CoolAJ86

Thursday, May 06, 2010


My question: how do you organize JavaScript code? How do you add OOP
features to JavaScript? How do you separate DOM-manipulation from
business logic in JavaScript?




Object Oriented, Event and Message Driven, Asynchronous Non-Blocking Programming

First, I recommend reading this article by google How to Think About OO [1]

I believe the reason that JavaScript code is less "intuitive" to organize is because, well, we've been trained to program in ways that are less intuitive. Like a Windows user switching to a *nix (Mac or Linux) - the simplicity and elegance of the paradigms of solutions can be hard to wrap your head around at first, even intimidating.

JavaScript provides a valuable learning opportunity. It thrusts a different (perhaps more elegant) paradigm on us - that of asynchronous (or event driven) programming as opposed to procedural programming (which we tell ourselves is object-oriented, but if you contrast any OO code you've written with the paradigm discussed in How to Think About OO, you may well find that you're not actually using your objects as objects).

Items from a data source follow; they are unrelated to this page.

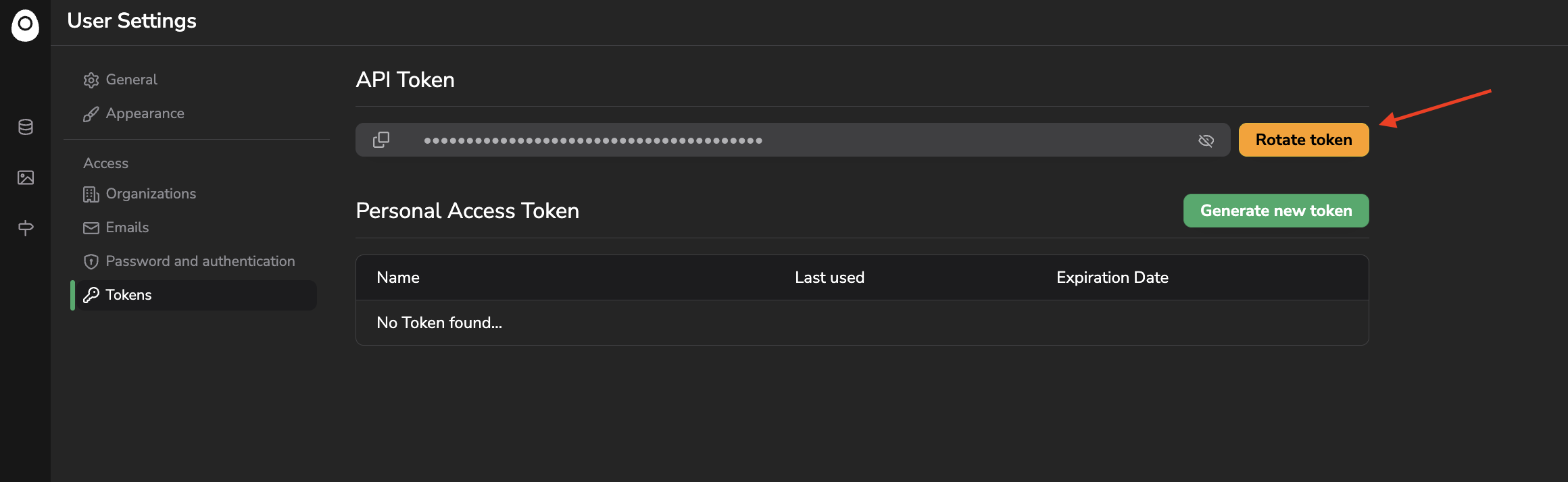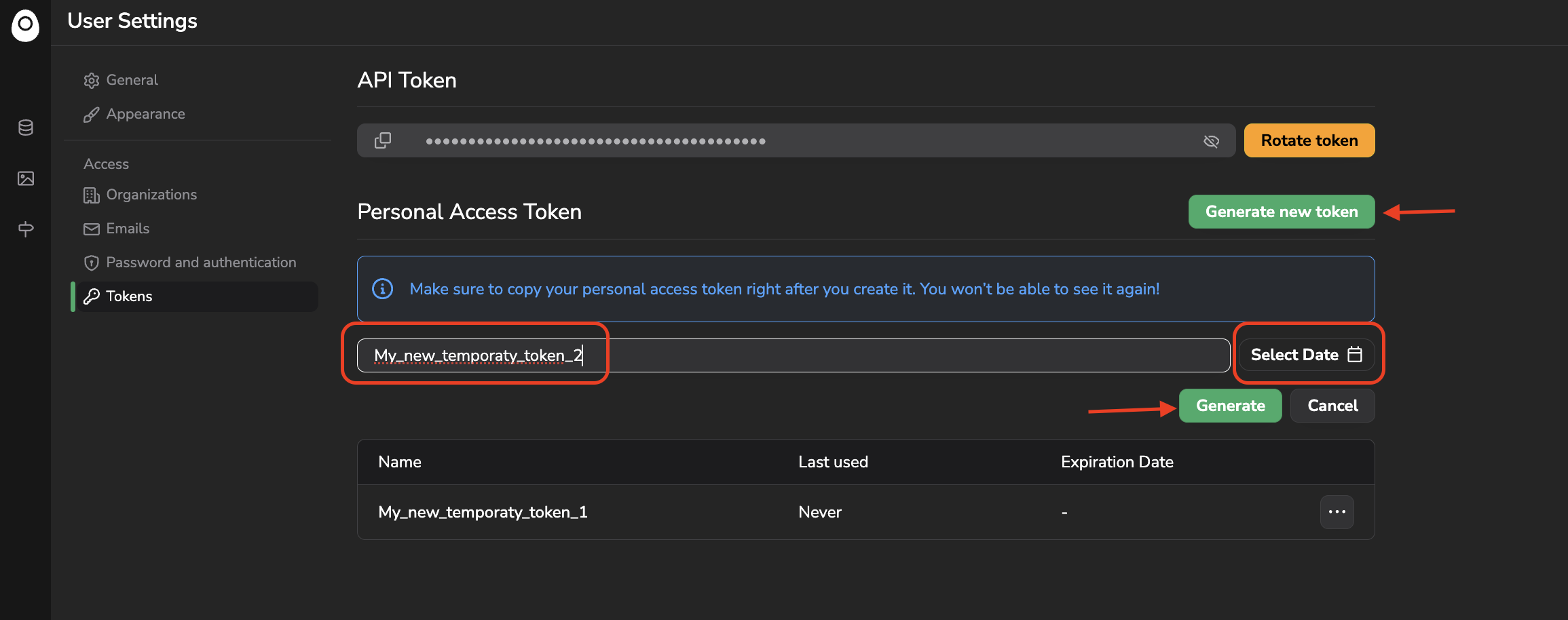 In addition of your main API Token, you can also generate additional temporary tokens. This can be done by clicking on Generate new token, prompting its name and an expiration date.
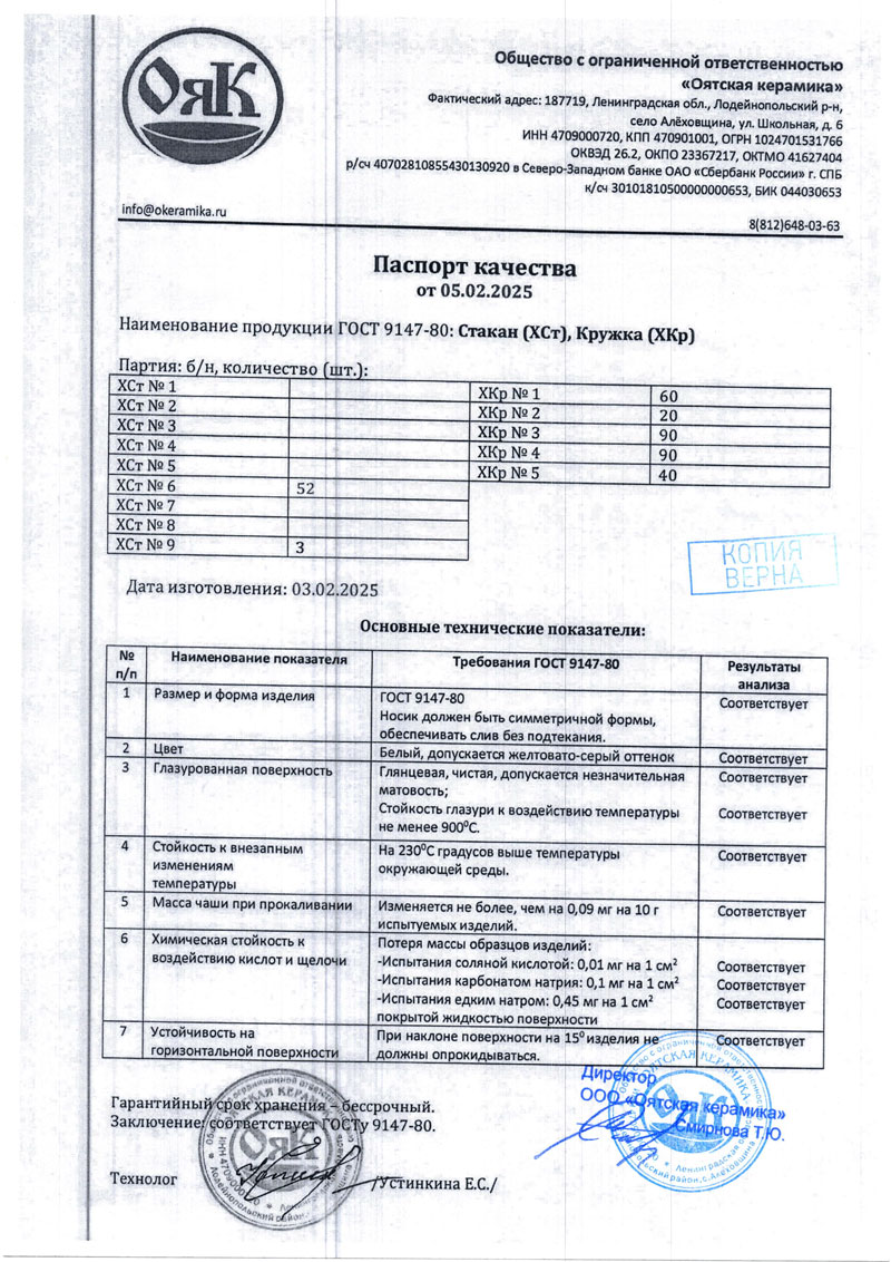 - Стакан, Кружка. Паспорт качества от 05.02.2025
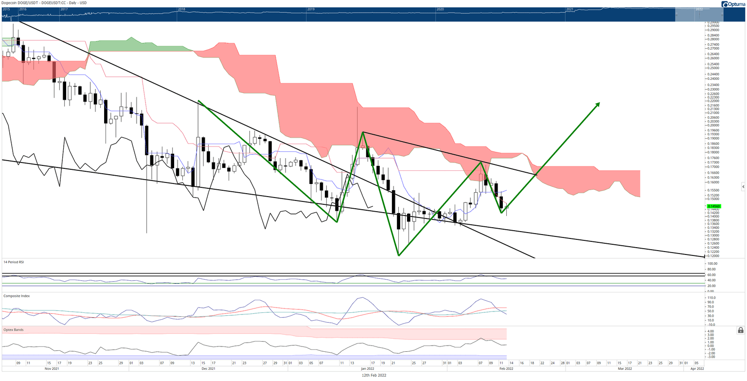 The result of these various whipsaws is a bullish reversal pattern currently in development: an inverse head-and-shoulders pattern. This pattern, if triggered, would likely generate the momentum necessary to put Dogecoin price into an Ideal Bullish Ichimoku Breakout on its daily chart while also returning it to the critical $0.25 price level.
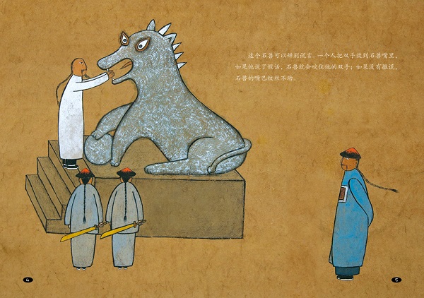 本书是故事绘本,内容改写自民间故事,配上精美插图。本书讲述一只石兽断案故事。石兽可以分辨世人的谎言,只要把双手放到石兽嘴巴里,如果有人说了假话,石兽就会咬他的手;如果没有撒谎,石兽的嘴巴纹丝不动。一个贪财的人对朋友不忠却想办法企图欺骗石兽,但最终被识破,受到惩罚。这是一个关于公正与谎言的故事,告诉孩子,对朋友要忠诚,不能损人利己,再完美的谎言,终将不能维持下去。
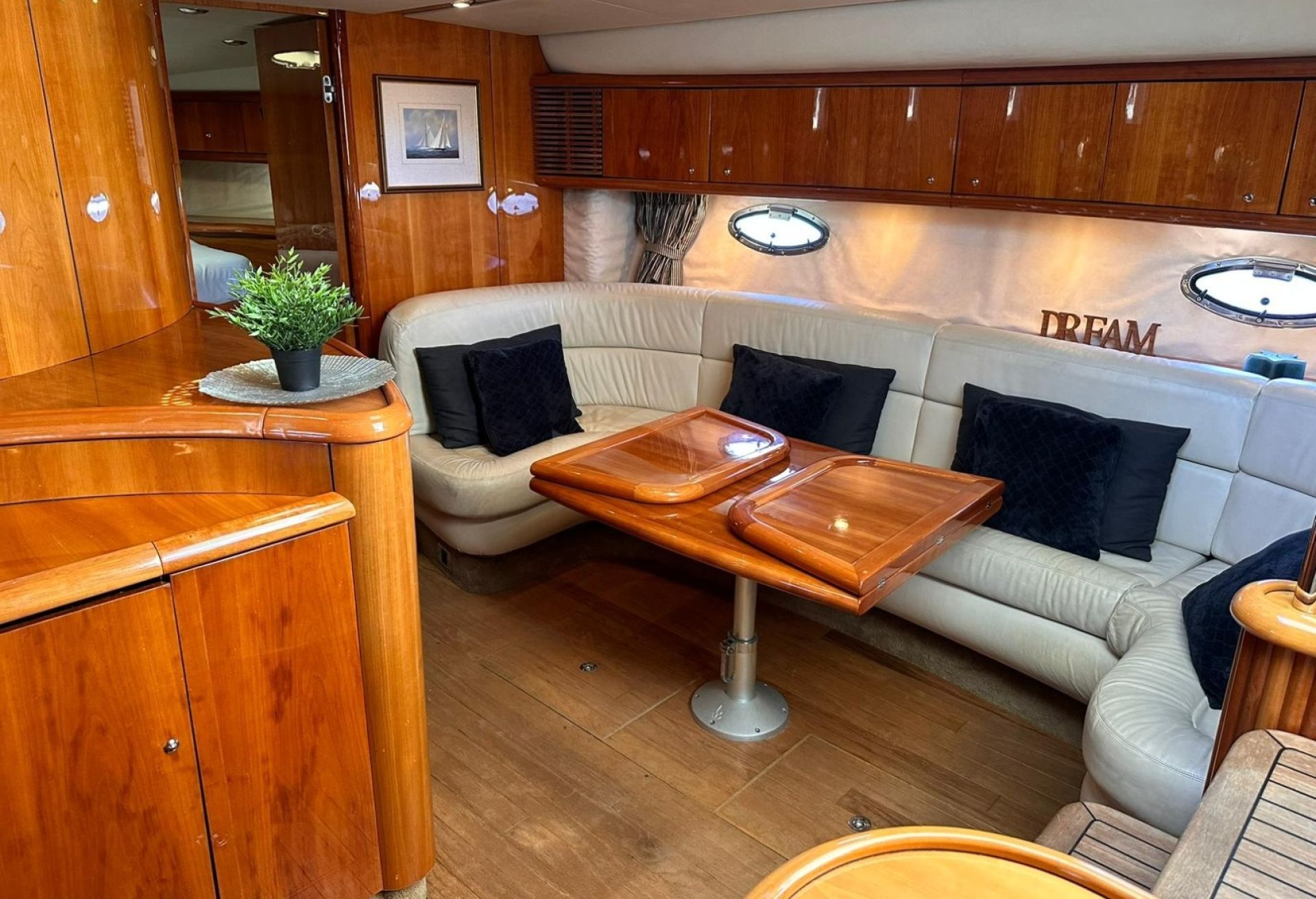 Below deck, the yacht offers a well-designed interior with accommodation for up to 6 guests, making it ideal for weekend escapes or extended stays. Air conditioning ensures comfort even during the warmest months, while the solid build quality reflects Sunseeker’s renowned craftsmanship.
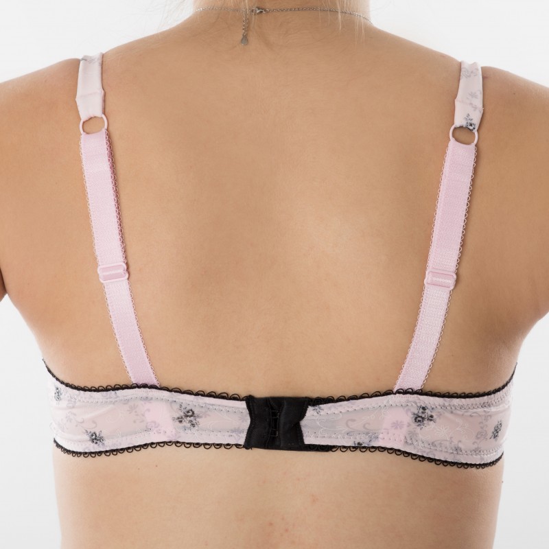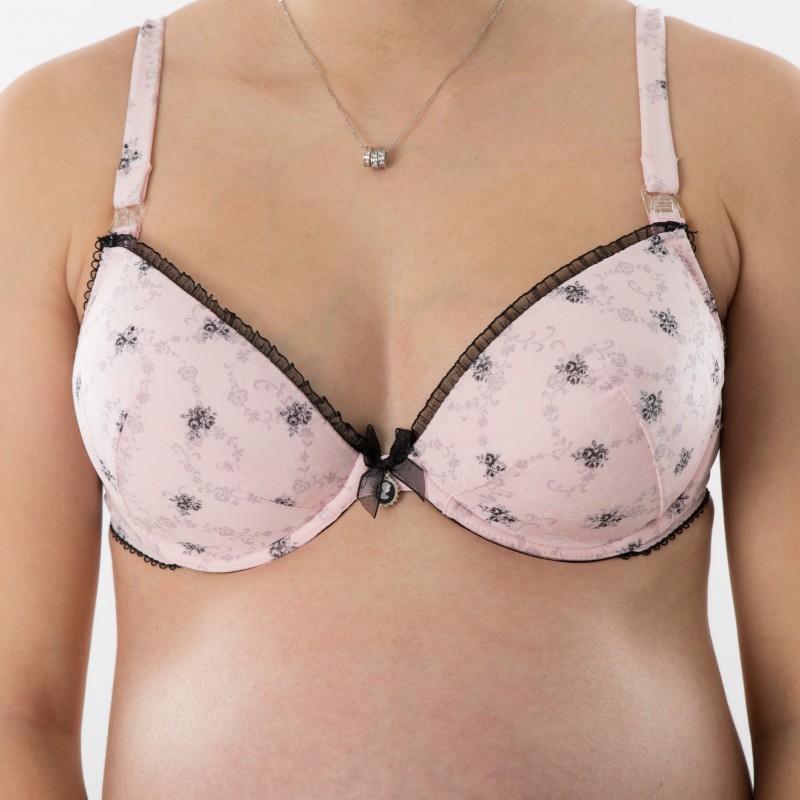 Le soutien-gorge de maternité Joséphine avec armatures souples spéciales maternité est réalisé avec du tissu microfibre rose imprimé floral noir. La poitrine sera mise en valeur grâce à la coupe décolleté plongeant. Au centre se trouve un petit nœud noir complété d'un petit médaillon. Les bonnets sont finement rembourrés pour un meilleur maintien. Le soutien-gorge Joséphine est très doux grâce aux coutures plates et doublure en coton à l'intérieur du bonnet. Les bretelles permettent l'allaitement confortable grâce aux clips d'allaitement faciles à ouvrir d'une seule main.
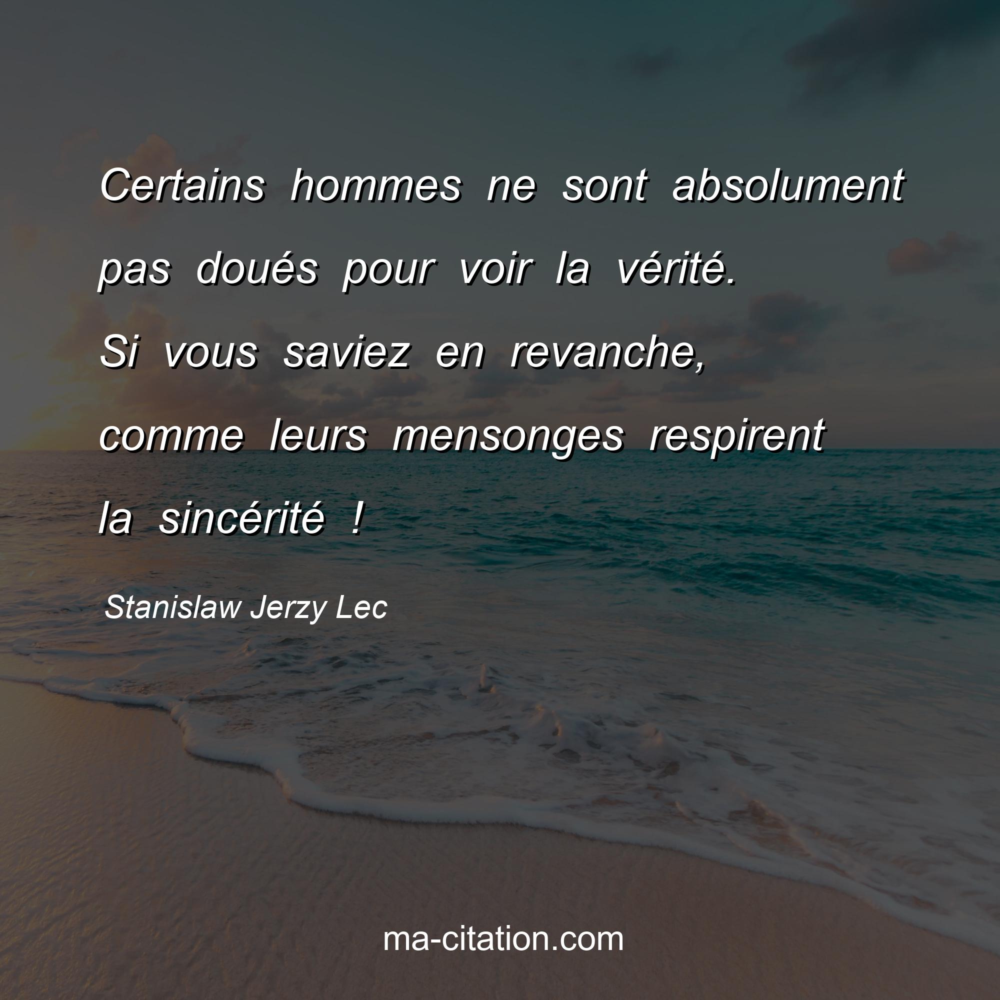 Citation sur la vie de Stanislaw Jerzy Lec :Certains hommes ne sont absolument pas doués pour voir la vérité. Si vous saviez en revanche, comme leurs mensonges respirent la sincérité !
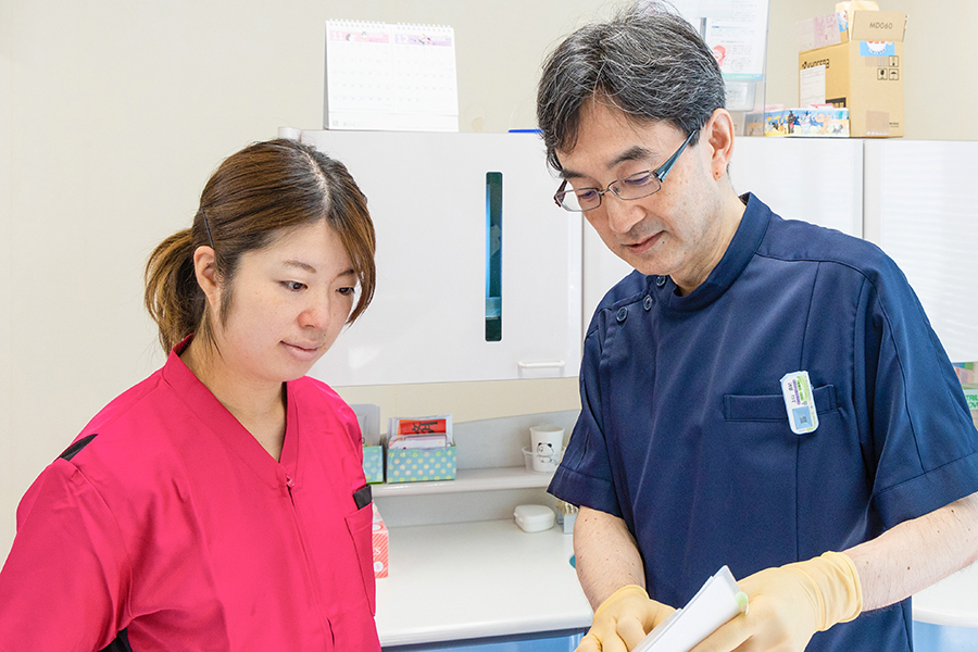 月に1回、院内で勉強会を開催して、スタッフ全員での情報共有を行っています。外部から講師を招いて、積極的に最新の知識や技術を取り入れるようにしています。
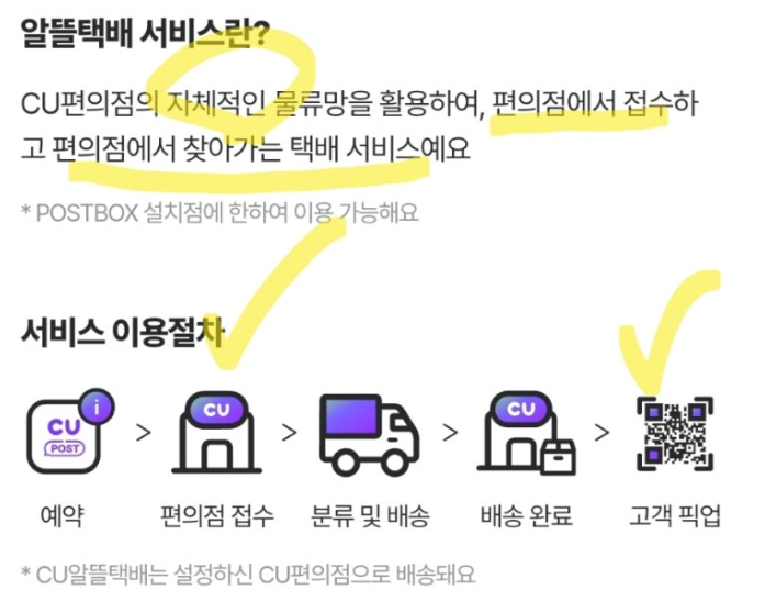 CU도 거의 동일한 방식이며, 일부 지점에서는 매장 직원이 직접 도와주는 경우도 있습니다.
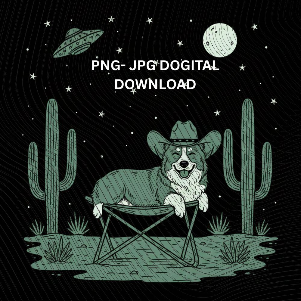 Corgi Cowboy Under UFO Png, Funny Alien Corgi Dog Western, Desert Space Graphic

Normally we want to write procedurally:
friends = Friends.getAll();
doStuff(friends);

In some other language, such as ruby or python, Friends.getAll() would likely be asynchronous blocking call to a database which should complete in some matter of fractions of a second. In past generations of programming we accepted this waste of processor time and such because it wasn't very noticeable and we have had the liberty of scaling out - buying more systems to make up for the loss of availability that we don't even realize we could have.

However, in JavaScript we don't have the luxury of procedural programming, nor of scaling up. We have to use the one machine that we have to the maximum value that we can. We don't use synchronous blocking calls because a call to a web service (such as Amazon with which you must perform several iterative queries to get the data you're looking for) could take several seconds - perhaps 10 or more - before you have the data you want.

jQuery comes along and makes AJAX and AJAJ (JSON) easy. But then, if you're like me, you find yourself in this tangled web of callbacks. It becomes less clear how to organize code.

So now you have something like this:
// Get all Friends <-- Note that you've lost the ability to create self-documenting code here
$.get('http://webservice.com/friends' + '?callback=?', function(){
    // do stuff <-- and here as well
    ...
})

The problem here is that there's more than one type of doStuff() that you might want to do with your friends. You don't want to make a call to the webservice each time so you might store friends in an html5 datastore or a friends variable in memory. You might choose to halt some execution of your program until you get friends back. But then you're synchronous blocking again!

How do you know when you've already gotten friends? How to you update friends reliably?
It would be nice if we could have a hybrid of the two (such as Ruby's Fibers) [2] such that calling an asynchronous function would pause execution of the current code (and thus allow other events to take place during the non-blocking wait) and then continue with the execution of the code.
friends = $.get('http://webservice.com/friends')

But that's just not possible in javascript as of today.


The solution I see is to treat each object as an application until itself, with it's own MVC and "pass messages" rather than "call functions" (something I've learned from ruby).

Scenario:
I have button in a facebook app which will display the 10 friends with the closest upcoming birthdays.
I'm allowed to cache the urls of pictures of friends as well as profile data for 24 hours.
I must initially get the data from facebook, but I cache it in an html5 data store.

Friends.send( { "message" : "with_birthdays", "conditions" : { "quantity" : "10" }, "present_as" : "#friends_with_birthdays")

or perhaps more practically:
Friends.extend({"presenter_class_name" : "Template", "message_map" : { "with_birthdays" : "friends_with_birthdays" } })
Friends.with_birthdays({"quantity":10})

This way the data lives with the object as described in How to think about OO [1]. The callbacks all take place within the Friends object and the Friends object will send a message to use the "#friends_with_birthdays" template on some hash object - probably with a timestamp as to when the message was received.

And perhaps by the time that the data is retrieved the user has chosen to view something else. The Presenter (template class) may have some logic to help it decide how to ignore stale messages or the Friends class may be able to be modified such that at each callback step it checks to see if the action has been cancelled. If it has, it doesn't send the message to the template class at all.


Do you find this to be helpful? I'd appreciate your feedback and ideas, as I'm still trying to figure this out for myself.